Especialista explica que não há registros de sucuris atacando seres humanos; caso segue sendo investigado pela Polícia Civil
Por: Jornal Ms Agora

O corpo de um homem que havia desaparecido enquanto pescava com colegas no último fim de semana foi encontrado em uma represa nos fundos de uma fazenda, localizada entre Campo Grande e Nova Alvorada do Sul. Após o desaparecimento, áudios passaram a circular em grupos de WhatsApp, afirmando que a vítima teria sido atacada e levada por uma sucuri.
A informação rapidamente causou espanto, curiosidade e até pânico na região. No entanto, até o momento, não há qualquer confirmação oficial de que o homem tenha sido vítima de um ataque de animal.
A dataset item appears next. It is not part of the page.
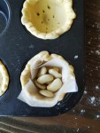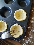 - Παρτε κάθε στρογγυλό κομμάτι ζύμης και απλώστε το σε όλη την επιφάνεια της κάθε θήκης. Με ένα πιρούνι τρυπήστε το κάτω μέρος του ζυμαριού.

A Polícia Civil, por meio da 4ª Delegacia de Campo Grande, investiga o caso, mas as circunstâncias da morte e a identidade da vítima não foram divulgadas.
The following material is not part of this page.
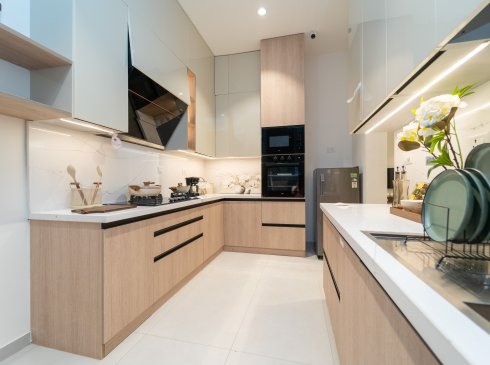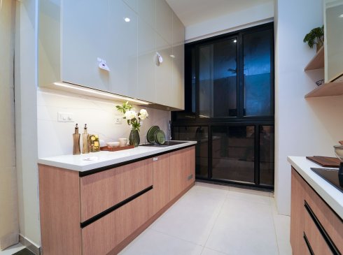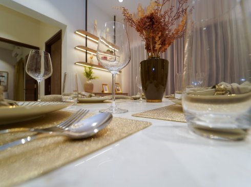 Dining : Granite countertops wash basin and wall dado tile of height 300mm (wherever applicable)

Para esclarecer os rumores, a doutora em ecologia e pesquisadora de sucuris de vida livre desde 2014, Juliana de Souza Terra, explicou que não existem registros científicos de sucuris atacando e matando seres humanos adultos.
“Essas serpentes são predadoras de emboscada. Elas ficam às margens de rios ou represas, aguardando a aproximação de presas como aves aquáticas, que compõem cerca de 50% da dieta, além de mamíferos de médio porte, como capivaras e porcos selvagens. Quando atacam, se enrolam na presa para causar parada cardiorrespiratória e, no mesmo local, fazem a ingestão. Elas não têm comportamento de carregar ou arrastar presas por longas distâncias”, esclarece.
A pesquisadora ressalta que casos como esse acabam alimentando mitos que cercam a espécie e prejudicam os esforços de conservação. “Se isso realmente tivesse acontecido, seria algo absolutamente atípico, fora dos padrões e inédito. É importante ter cautela antes de propagar informações não confirmadas”, alertou.
O caso segue sob investigação da Polícia Civil, que apura as reais causas da morte.